You’re swiping, you’re smiling, you’re flirting, and you’re still single.

If you feel this way, know that you’re not alone. Just like you do a spring cleaning of your closets and homes, or your medical health checkup at the beginning of a season, it’s time for a digital checkup on the reasons why you’re not successful with online dating.

If you’re feeling unlucky on the day one believes in luck the most, this post is for you.

Roman philosopher Seneca said it best when he talked about luck. “Luck is a matter of preparation meeting opportunity. ”

Just how prepared are you? How much work are you willing to do to be happy and in love?
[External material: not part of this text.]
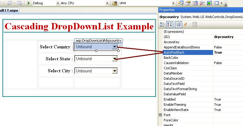 Here, when we select country from county dropdownlist then the related state will be displayed automatically in state dropdownlist control. for do this write a code behind c# code on Country Dropdownlist SelectedIndexChanged and set AutoPostBack = True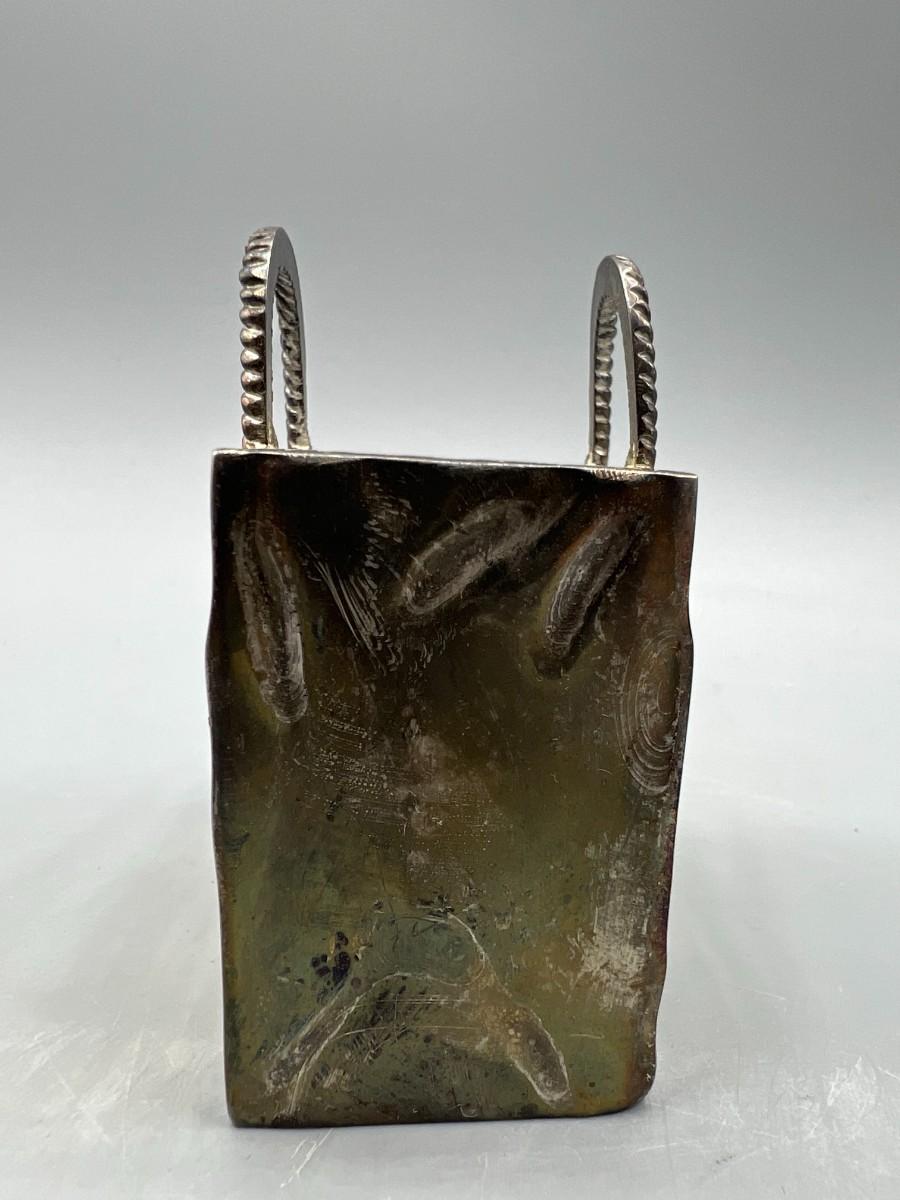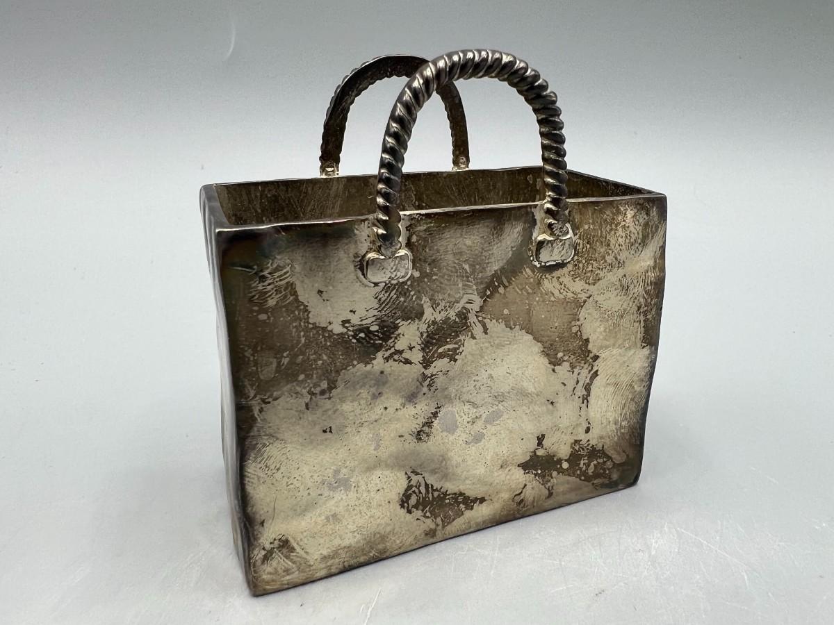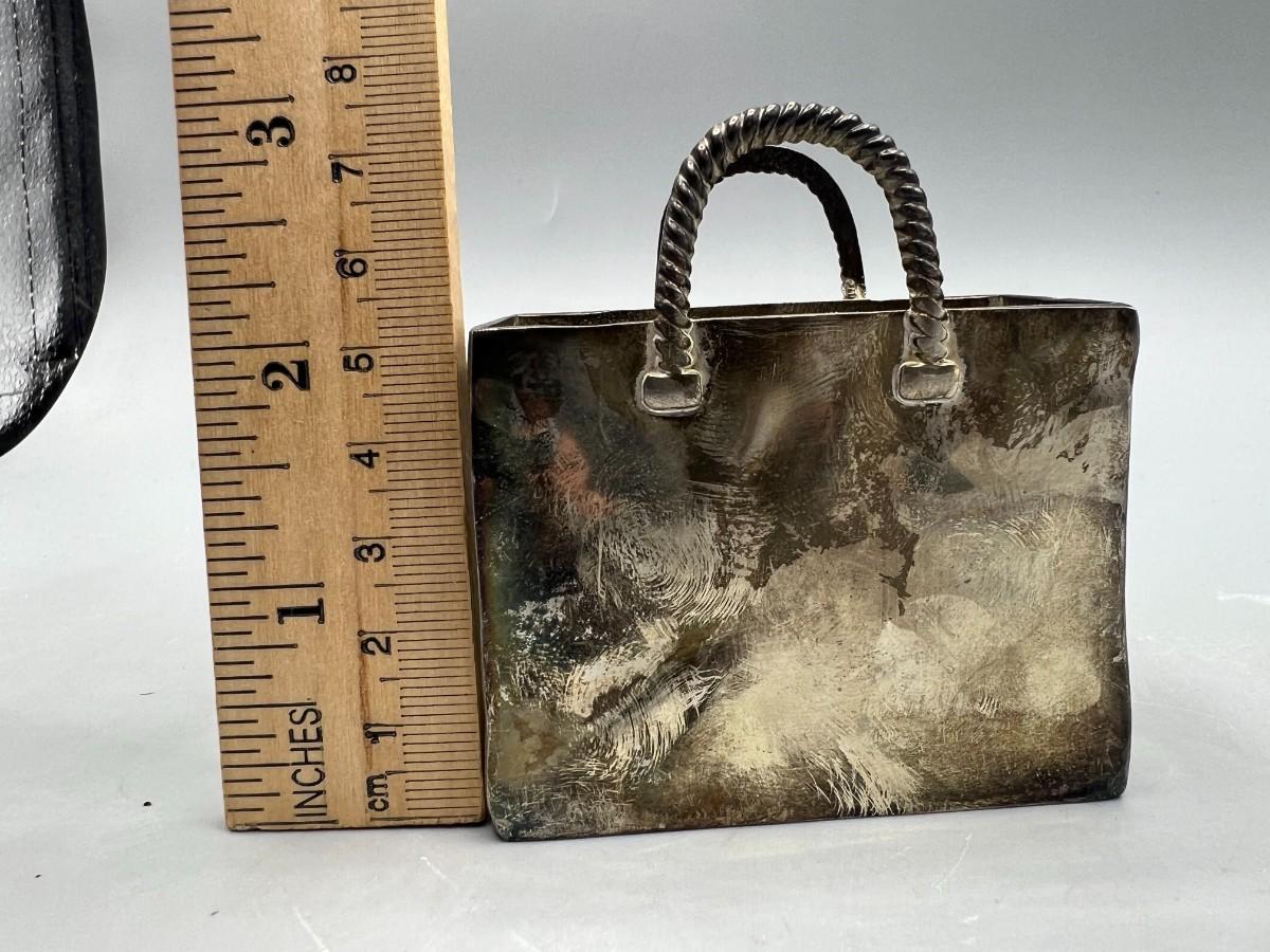 Miniature Godinger Silver Plate Shopping Bag Lipstick Holder. Divided to hold to lipsticks. Needs to be cleaned.

Is it fate and are you waiting or will you take matters into your own digital hands?

Here’s an open letter to women to help open your heart to find love this spring.

Do any of these sound familiar?

  • I’m unhappy with the quality of matches.
  • I think all guys want to hook up.
  • Online dating and mobile dating feels like too much work.
  • No one responds to my emails.
  • Guys have too many options and are looking for the next great swipe.
  • All he wants to do is text.
  • I don’t want to be online for too long.
  • The same people are online that were online last year.

The list goes on.

These gripes and frustrations are coming from both men and women. You see, we’ve all been there. I can tell you that we are coaching more men these days than women and they are SERIOUS about finding love.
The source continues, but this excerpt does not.